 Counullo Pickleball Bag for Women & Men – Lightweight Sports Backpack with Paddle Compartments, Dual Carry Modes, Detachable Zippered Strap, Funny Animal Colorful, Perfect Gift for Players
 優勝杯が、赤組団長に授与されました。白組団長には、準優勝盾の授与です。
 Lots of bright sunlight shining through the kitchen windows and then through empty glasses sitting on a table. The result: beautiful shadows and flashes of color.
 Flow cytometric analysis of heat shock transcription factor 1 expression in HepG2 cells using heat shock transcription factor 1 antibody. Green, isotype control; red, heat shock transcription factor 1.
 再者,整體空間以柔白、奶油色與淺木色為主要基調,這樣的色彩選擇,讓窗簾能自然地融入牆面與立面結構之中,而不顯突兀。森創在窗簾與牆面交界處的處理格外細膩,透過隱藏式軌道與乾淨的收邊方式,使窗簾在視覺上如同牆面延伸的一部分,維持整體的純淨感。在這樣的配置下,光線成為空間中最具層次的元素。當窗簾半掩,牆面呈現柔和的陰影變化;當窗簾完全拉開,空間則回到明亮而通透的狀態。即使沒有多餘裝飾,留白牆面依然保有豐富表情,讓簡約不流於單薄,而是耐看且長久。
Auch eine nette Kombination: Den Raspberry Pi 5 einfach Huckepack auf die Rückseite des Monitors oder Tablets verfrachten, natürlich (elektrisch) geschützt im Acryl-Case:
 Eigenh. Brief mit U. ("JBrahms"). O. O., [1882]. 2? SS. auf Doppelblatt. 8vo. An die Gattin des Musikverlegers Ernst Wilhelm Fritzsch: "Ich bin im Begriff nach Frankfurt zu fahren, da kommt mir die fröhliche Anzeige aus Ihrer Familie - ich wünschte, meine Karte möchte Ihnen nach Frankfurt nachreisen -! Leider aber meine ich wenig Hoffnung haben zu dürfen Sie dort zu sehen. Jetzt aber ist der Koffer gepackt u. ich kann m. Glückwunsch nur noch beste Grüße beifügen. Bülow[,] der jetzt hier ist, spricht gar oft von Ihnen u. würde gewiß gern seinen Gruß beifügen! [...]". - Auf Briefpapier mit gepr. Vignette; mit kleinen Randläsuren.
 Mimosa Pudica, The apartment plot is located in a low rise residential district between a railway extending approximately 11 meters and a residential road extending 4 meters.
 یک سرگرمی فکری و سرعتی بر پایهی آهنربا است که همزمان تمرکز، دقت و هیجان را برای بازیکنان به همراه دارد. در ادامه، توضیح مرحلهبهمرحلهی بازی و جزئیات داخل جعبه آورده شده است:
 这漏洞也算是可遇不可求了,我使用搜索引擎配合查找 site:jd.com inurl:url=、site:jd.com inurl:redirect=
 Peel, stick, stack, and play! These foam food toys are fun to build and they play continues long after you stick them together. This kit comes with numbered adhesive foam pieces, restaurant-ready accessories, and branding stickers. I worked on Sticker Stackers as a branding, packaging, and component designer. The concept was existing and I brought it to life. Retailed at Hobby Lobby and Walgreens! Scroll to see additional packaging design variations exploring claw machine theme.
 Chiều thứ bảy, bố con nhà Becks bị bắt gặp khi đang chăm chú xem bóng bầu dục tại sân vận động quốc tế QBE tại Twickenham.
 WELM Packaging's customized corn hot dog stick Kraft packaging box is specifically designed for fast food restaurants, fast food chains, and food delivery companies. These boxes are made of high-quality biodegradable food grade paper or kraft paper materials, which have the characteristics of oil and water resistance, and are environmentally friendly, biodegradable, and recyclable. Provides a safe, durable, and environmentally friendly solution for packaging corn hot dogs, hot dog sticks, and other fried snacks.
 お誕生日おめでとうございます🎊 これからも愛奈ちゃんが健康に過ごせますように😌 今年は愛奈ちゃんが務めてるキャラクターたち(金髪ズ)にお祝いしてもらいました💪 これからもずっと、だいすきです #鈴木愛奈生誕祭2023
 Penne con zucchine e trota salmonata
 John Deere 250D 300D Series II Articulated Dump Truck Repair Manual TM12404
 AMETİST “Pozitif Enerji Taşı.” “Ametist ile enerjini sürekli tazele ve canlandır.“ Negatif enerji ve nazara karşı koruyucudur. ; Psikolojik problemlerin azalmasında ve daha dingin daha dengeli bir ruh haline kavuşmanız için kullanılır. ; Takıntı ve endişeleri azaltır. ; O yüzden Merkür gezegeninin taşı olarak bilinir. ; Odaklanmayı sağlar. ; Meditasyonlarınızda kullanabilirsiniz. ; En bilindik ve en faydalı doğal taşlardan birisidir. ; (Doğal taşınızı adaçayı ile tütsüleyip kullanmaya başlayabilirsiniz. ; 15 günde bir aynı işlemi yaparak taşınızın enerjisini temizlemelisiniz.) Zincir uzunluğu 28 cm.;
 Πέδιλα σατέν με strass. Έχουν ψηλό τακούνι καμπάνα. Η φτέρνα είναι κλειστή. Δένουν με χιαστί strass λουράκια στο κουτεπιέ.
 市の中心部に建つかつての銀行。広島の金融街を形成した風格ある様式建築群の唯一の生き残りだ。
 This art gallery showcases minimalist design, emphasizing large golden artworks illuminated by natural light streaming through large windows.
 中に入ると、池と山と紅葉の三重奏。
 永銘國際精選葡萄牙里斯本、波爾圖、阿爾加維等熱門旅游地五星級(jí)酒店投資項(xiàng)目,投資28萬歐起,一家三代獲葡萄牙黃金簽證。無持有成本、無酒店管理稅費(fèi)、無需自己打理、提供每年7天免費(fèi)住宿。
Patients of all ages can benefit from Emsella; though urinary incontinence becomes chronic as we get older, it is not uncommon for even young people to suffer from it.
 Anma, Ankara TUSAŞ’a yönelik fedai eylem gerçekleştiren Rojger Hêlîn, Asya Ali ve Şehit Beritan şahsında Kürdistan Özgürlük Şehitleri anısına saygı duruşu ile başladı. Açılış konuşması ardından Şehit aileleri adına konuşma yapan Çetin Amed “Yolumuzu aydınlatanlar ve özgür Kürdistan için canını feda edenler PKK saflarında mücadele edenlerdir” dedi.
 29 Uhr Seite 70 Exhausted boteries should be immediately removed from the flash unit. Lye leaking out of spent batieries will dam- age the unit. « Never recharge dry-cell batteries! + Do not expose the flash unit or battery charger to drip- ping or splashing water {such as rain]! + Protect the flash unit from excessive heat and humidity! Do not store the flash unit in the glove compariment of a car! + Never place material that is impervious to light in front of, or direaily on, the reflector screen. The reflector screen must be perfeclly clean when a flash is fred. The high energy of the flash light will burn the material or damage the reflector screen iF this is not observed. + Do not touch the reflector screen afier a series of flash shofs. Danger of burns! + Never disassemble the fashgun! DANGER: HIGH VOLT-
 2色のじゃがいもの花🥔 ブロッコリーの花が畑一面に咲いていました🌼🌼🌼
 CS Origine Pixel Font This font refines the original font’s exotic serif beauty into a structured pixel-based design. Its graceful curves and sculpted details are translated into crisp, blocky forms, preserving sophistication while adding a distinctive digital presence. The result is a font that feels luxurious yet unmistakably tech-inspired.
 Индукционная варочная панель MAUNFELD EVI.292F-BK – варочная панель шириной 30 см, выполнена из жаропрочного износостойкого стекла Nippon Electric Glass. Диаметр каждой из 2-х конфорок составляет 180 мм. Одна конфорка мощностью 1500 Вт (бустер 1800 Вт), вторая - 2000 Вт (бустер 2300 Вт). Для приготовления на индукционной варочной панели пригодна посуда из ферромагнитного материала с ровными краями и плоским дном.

───

WHAT YOU HAVE TO DO ▸
Among the records above, only the lines between the line holding "Penne con zucchine e trota salmonata" and the line holding "中に入ると、池と山と紅葉の三重奏。", inclusive, are to be output, exactly as written.

RESPONSE TO THE EXERCISE ▸
 Penne con zucchine e trota salmonata
 John Deere 250D 300D Series II Articulated Dump Truck Repair Manual TM12404
 AMETİST “Pozitif Enerji Taşı.” “Ametist ile enerjini sürekli tazele ve canlandır.“ Negatif enerji ve nazara karşı koruyucudur. ; Psikolojik problemlerin azalmasında ve daha dingin daha dengeli bir ruh haline kavuşmanız için kullanılır. ; Takıntı ve endişeleri azaltır. ; O yüzden Merkür gezegeninin taşı olarak bilinir. ; Odaklanmayı sağlar. ; Meditasyonlarınızda kullanabilirsiniz. ; En bilindik ve en faydalı doğal taşlardan birisidir. ; (Doğal taşınızı adaçayı ile tütsüleyip kullanmaya başlayabilirsiniz. ; 15 günde bir aynı işlemi yaparak taşınızın enerjisini temizlemelisiniz.) Zincir uzunluğu 28 cm.;
 Πέδιλα σατέν με strass. Έχουν ψηλό τακούνι καμπάνα. Η φτέρνα είναι κλειστή. Δένουν με χιαστί strass λουράκια στο κουτεπιέ.
 市の中心部に建つかつての銀行。広島の金融街を形成した風格ある様式建築群の唯一の生き残りだ。
 This art gallery showcases minimalist design, emphasizing large golden artworks illuminated by natural light streaming through large windows.
 中に入ると、池と山と紅葉の三重奏。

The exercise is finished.